From Volume 88, Number 4 (May 2015)
Property is the law of lists and ledgers. County land records, stock certificate entries, mortgage registries, Uniform Commercial Code filings on personal property, copyright and patent registries of interests in intellectual property, bank accounts, domain name systems, and consumers’ Kindle e-book collections in the cloud are all merely entries in a list, determining who owns what.
Each such list has suffered a traditional limitation. To prevent falsification or duplication, a single entity must maintain the list, and users must trust (and pay) that entity. As a result, transactions must proceed at significant expense and delay. Yet zero or near-zero transaction costs are the fuel of Internet scalability. Property transactions have not yet truly undergone an Internet revolution at least partly because they are constrained by the cost of creating centralized trusted authorities.
This Article reimagines the contours of digital property if that central constraint were removed. There is every reason to believe it can be. Increased interest in cryptocurrencies has driven the development of a series of technologies for creating public, cryptographically secure ledgers of property interests that do not rely on trust in a specific entity to curate the list.
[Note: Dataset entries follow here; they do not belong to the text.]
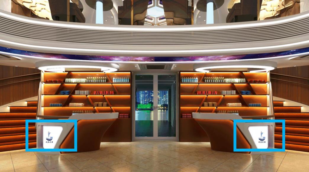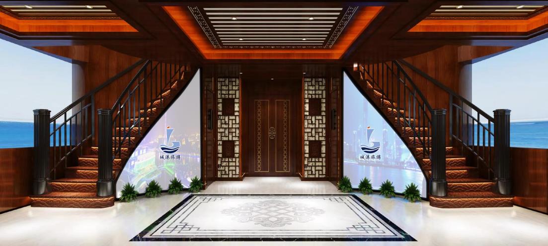 游船內部廣告位:樓梯通道區(qū)兩側分布2個異型廣告展示位
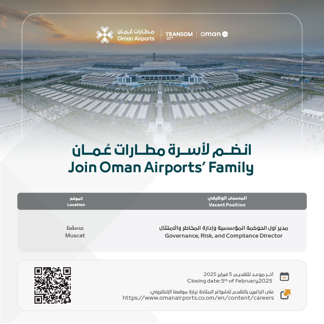 مطارات عمان - وظيفة شاغرة ( مدير أول الحوكمة المؤسسية وإدارة المخاطر والامتثال )
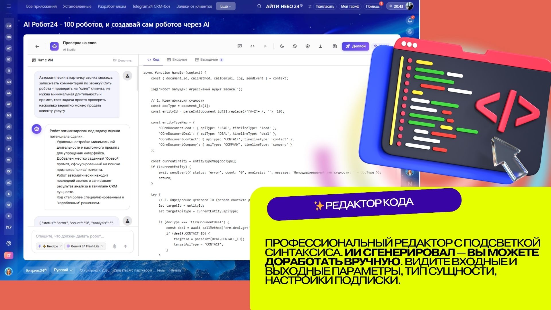 Это полноценная IDE (среда разработки) для роботов CRM, встроенная прямо в ваш портал. Вместо того чтобы нанимать программиста и ждать неделями, вы описываете задачу человеческим языком — а AI генерирует полный код обработчика, определяет входные и выходные параметры, и позволяет мгновенно зарегистрировать робота на портале.

Previously, the digital objects that users could buy and sell online were not rivalrous in the same way as offline physical objects, unless some centralized entity such as a social network, digital currency issuer, or game company served the function of trusted list curator. Trustless public ledgers change this dynamic. Counterparties can hand one another digital, rivalrous objects in the same way that they used to hand each other gold bars or dollar bills. No intermediary or curator is needed.